Understanding Python Dependency Management using pideptree

[ til  ]

Learning about tree-based dependency management for a team project developed in Python using pipdeptree


Dependency management is important, as packages depend on versions of other core packages in order to run as intended. Typically in a Python project, dependencies are downloaded using a requirements.txt file, which lists the packages and their dependencies as a flat file. While the package versions are included in the requirements.txt file, the dependency relationships are not explicitly stated. Determining the dependency relationships between packages using requirements.txt often requires “reverse engineering” in the form of tracing the dependencies of each installed package and figuring out why pip installed certain packages (since pip does the work of resolving package dependencies when installing packages).

While searching for ways to resolve the multiple requirements.txt files from my colleages within a team project, I stumbled across pipdeptree, a command-line utility for displaying installed Python packages in the form of a dependency tree. The output is displayed in a tree-based format instead of a flat list, showing the dependency relationships between installed Python packages and their associated dependencies.

Using pipdeptree for dependency management

To install pipdeptree, use the following command:

pip install pipdeptree

or, if you prefer to use conda:

conda install -c conda-forge pipdeptree

In order to be able to manage dependencies within virtual environments, pipdeptree has to be installed within each individual virtual environment. If you are starting a new virtual environment for a project and would like to use pipdeptree for dependency management, you would have to install pipdeptree in that new virtual environment.

Dependency tree output

To view the dependency tree of every installed package within the virtual environment:

pipdeptree

To view the dependency tree of a particular package e.g. pandas, the flag -p or --packages is used:

pipdeptree -p pandas

To view the reverse dependency tree - the packages that are dependent on every installed package within the virtual environment, the flag -r or --reverse is used:

pipdeptree -r

Sometimes we may prefer to have the dependency tree displayed as json representation to be used as input to other external tools. In this case, the flag j or --json outputs a flat list of all packages with their immediate dependencies, while the flag --json-tree outputs a nested json representing the dependency relationships between packages.

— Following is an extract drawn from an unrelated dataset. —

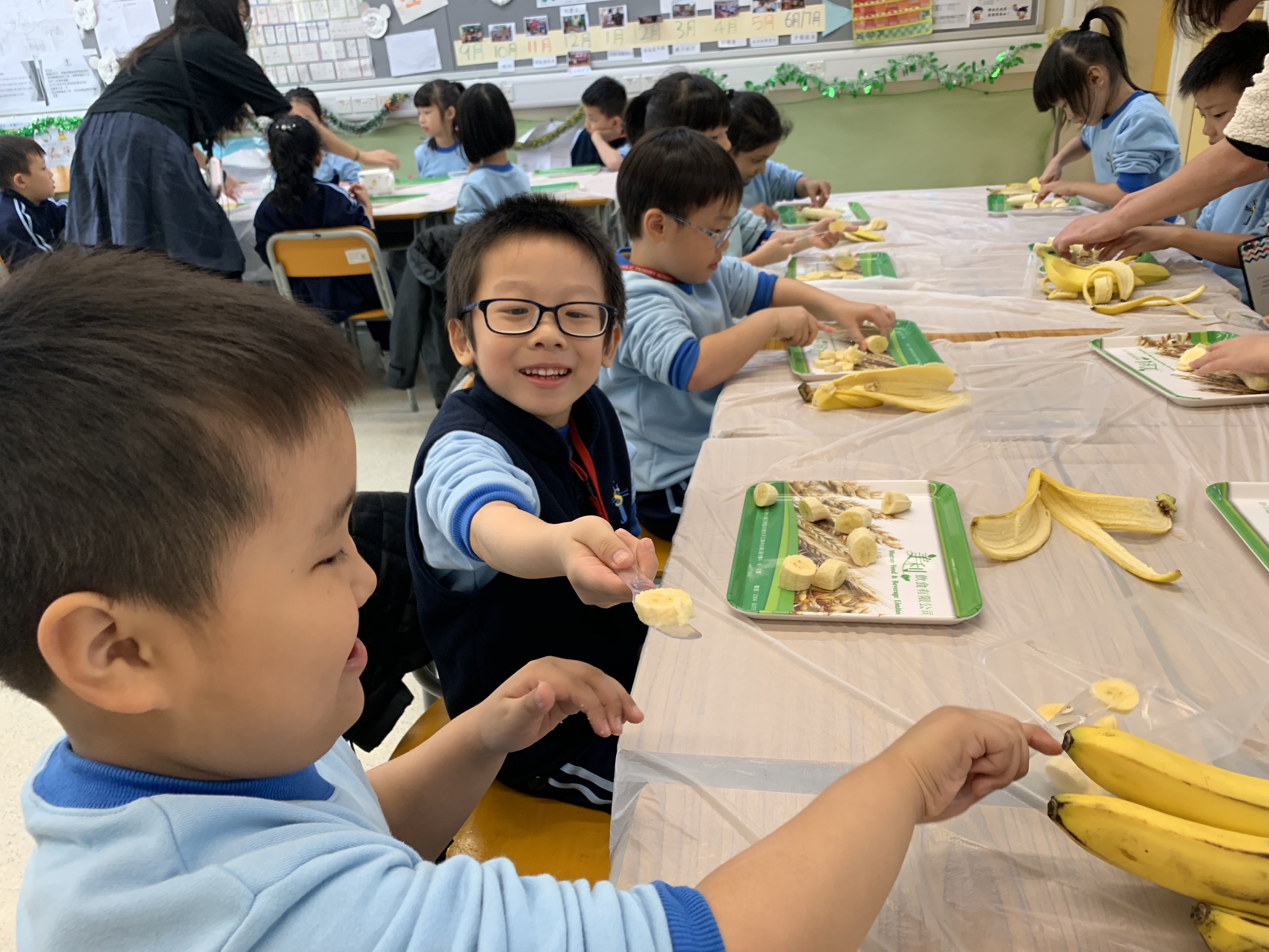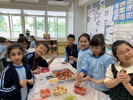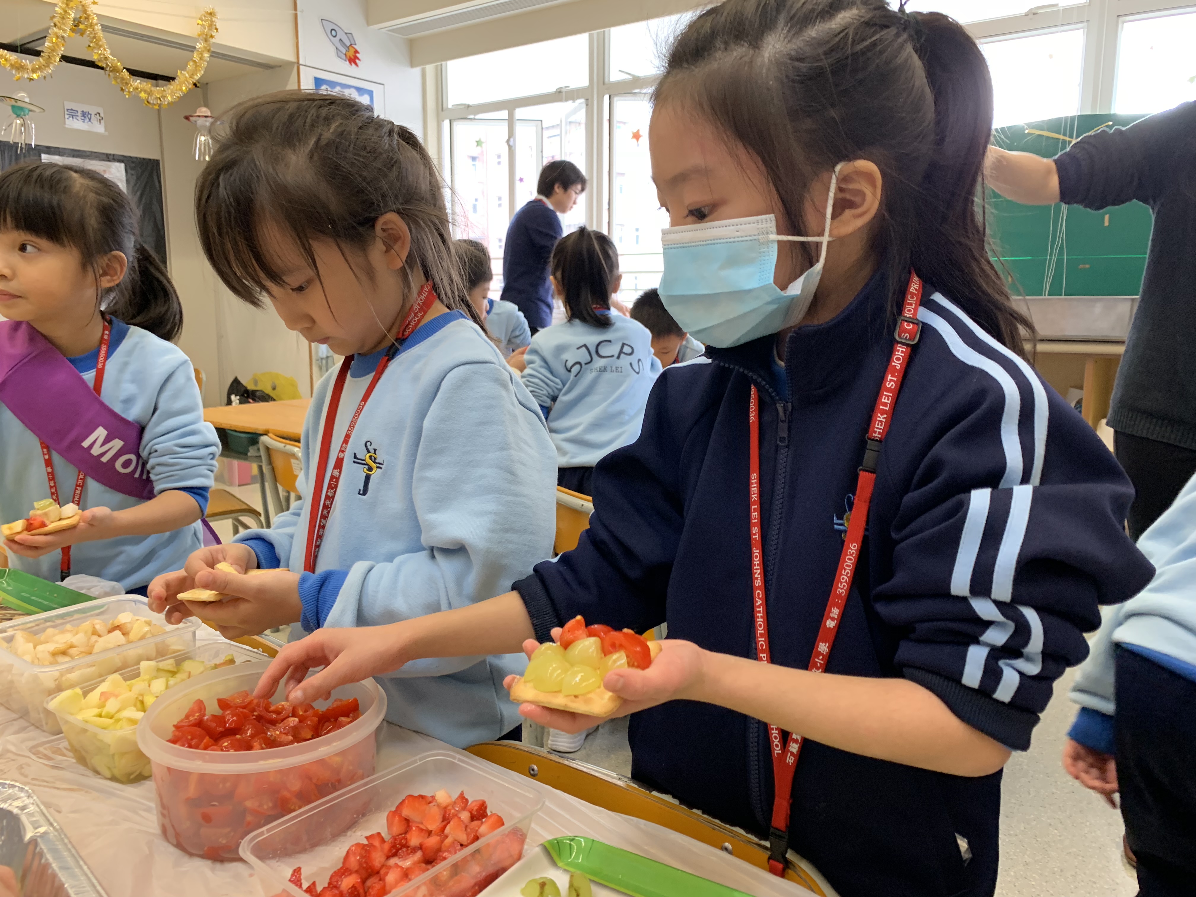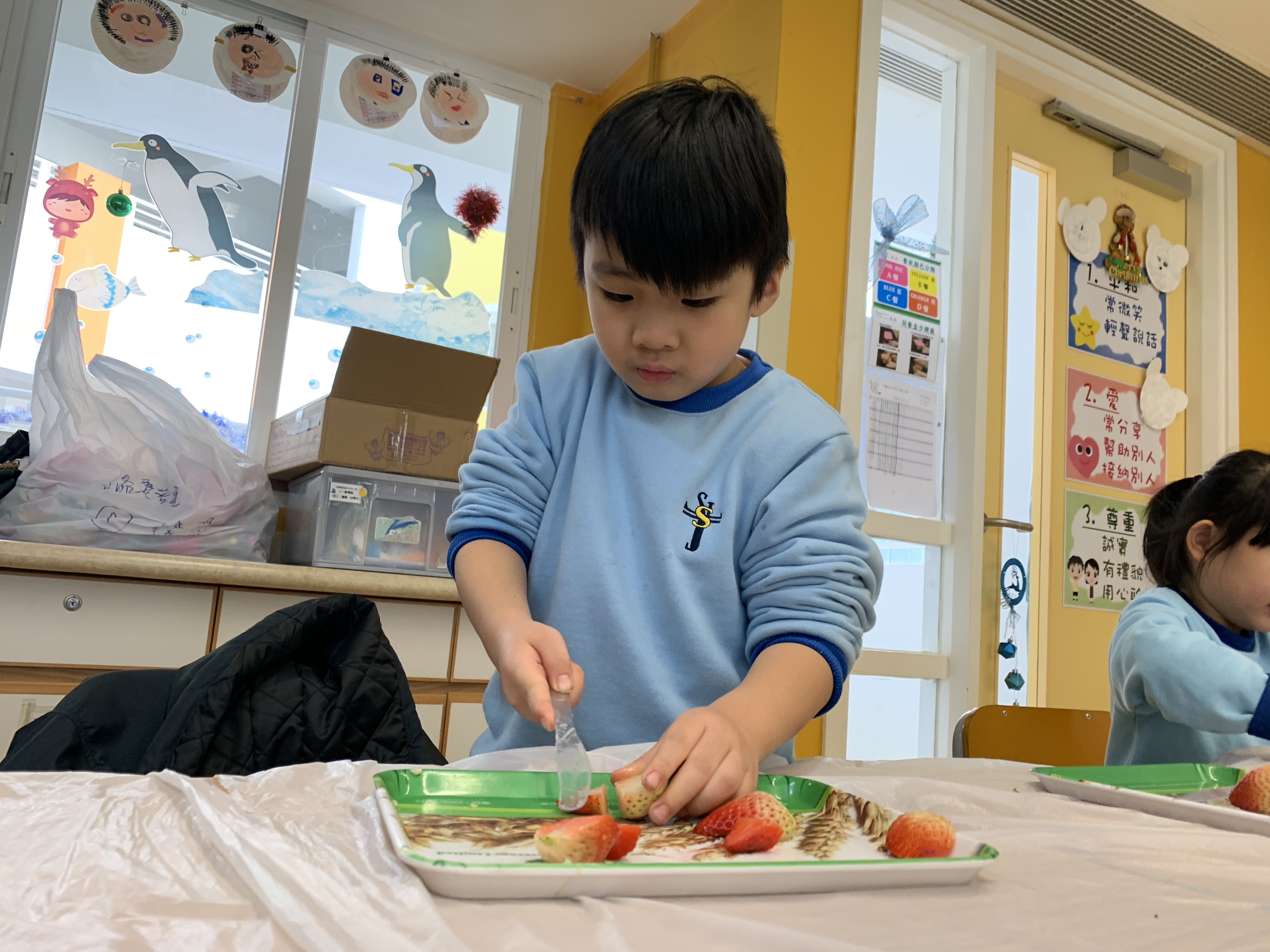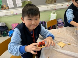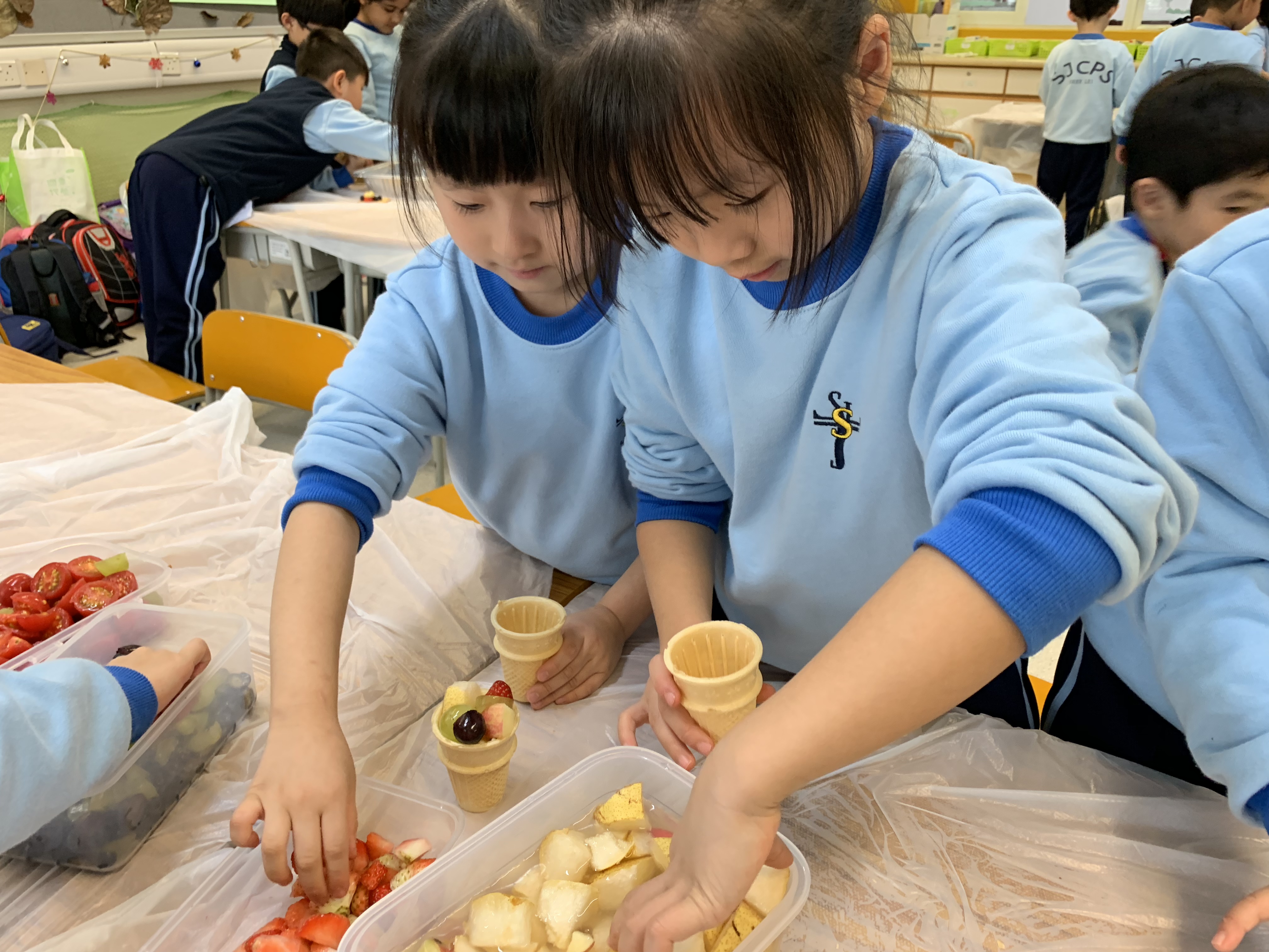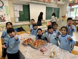 為感謝照顧他們的學校成員,小一學生帶備了水果,一起製作健康水果小食。很多小朋友都是第一次操刀,雖然開始時有點手忙腳亂,但通力合作之下終於完成精美的健康小食,送給多月來照顧大家的學校成員,一起分享努力的成果!
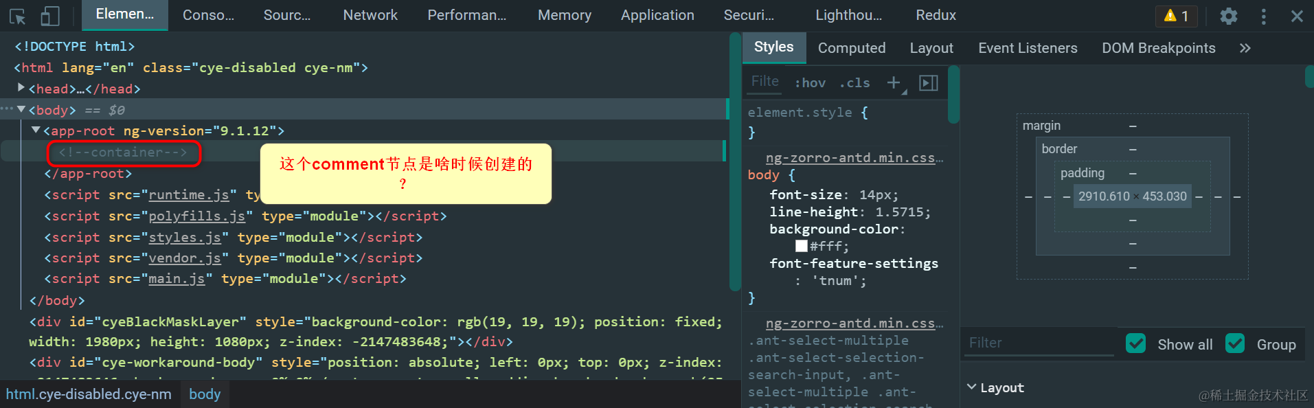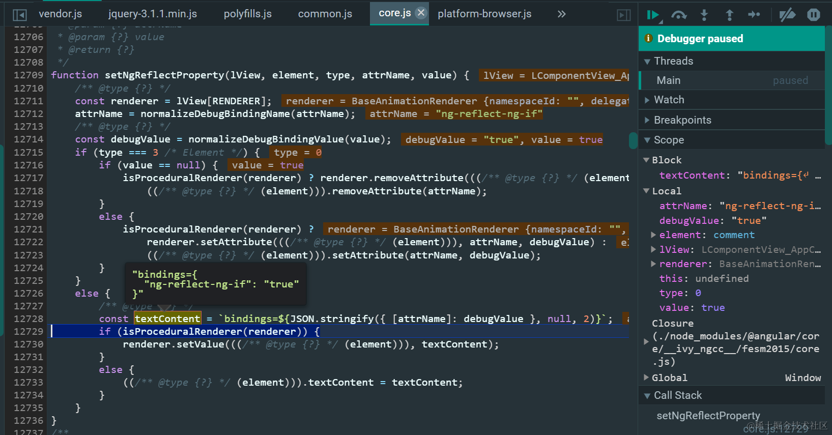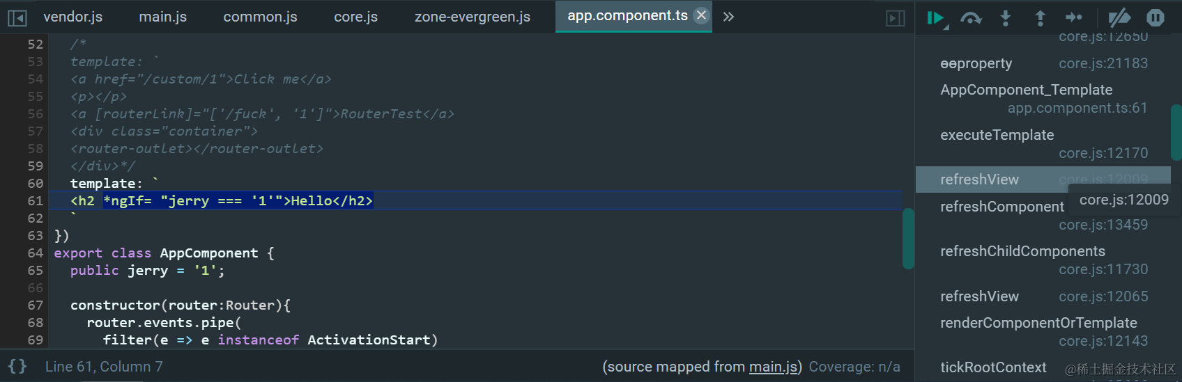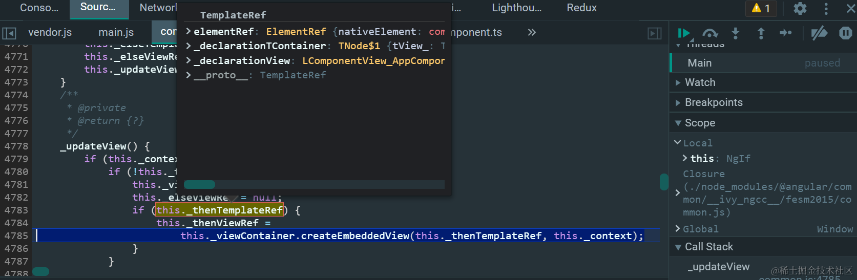 检测到一个节点具有ngIf的Directive,因此执行createDirectivesInstances:

pipdeptree --json       # for immediate dependencies

pipdeptree --json-tree  # for nested dependencies

To lay out the dependency graph, GraphViz is required in both the command-line interface and the virtual environment. The available output formats are dot, jpeg, pdf, png and svg. For example, if I would like to output my dependency graph in pdf, I use the following command:

pipdeptree --graph-output pdf > dependencies.pdf

Installing Graphviz in virtual environment

First, I installed Graphviz on Ubuntu 18.04 LTS Windows Subsystem for Linux (WSL) using apt-get install by using the following command:

sudo apt-get update

sudo apt-get install graphviz

Next, I installed graphviz for Python using conda:

conda install graphviz

As of now, I have yet to get Grahpviz running successfully on Windows + Anaconda, but I will try setting up Graphviz on Windows to work with pipdeptree when I have the time. Nevertheless, Graphviz works smoothly on Ubuntu 18.04 LTS WSL, so my current dependency management workflow is now on pip + venv + pipdeptree - and it works pretty smoothly without additional packages that conda installs in environments!

References

  1. pipdeptree . PyPI
  2. pipdeptree :: Anaconda Cloud
  3. Using pipdeptree in a virtualenv
Written on October 13, 2019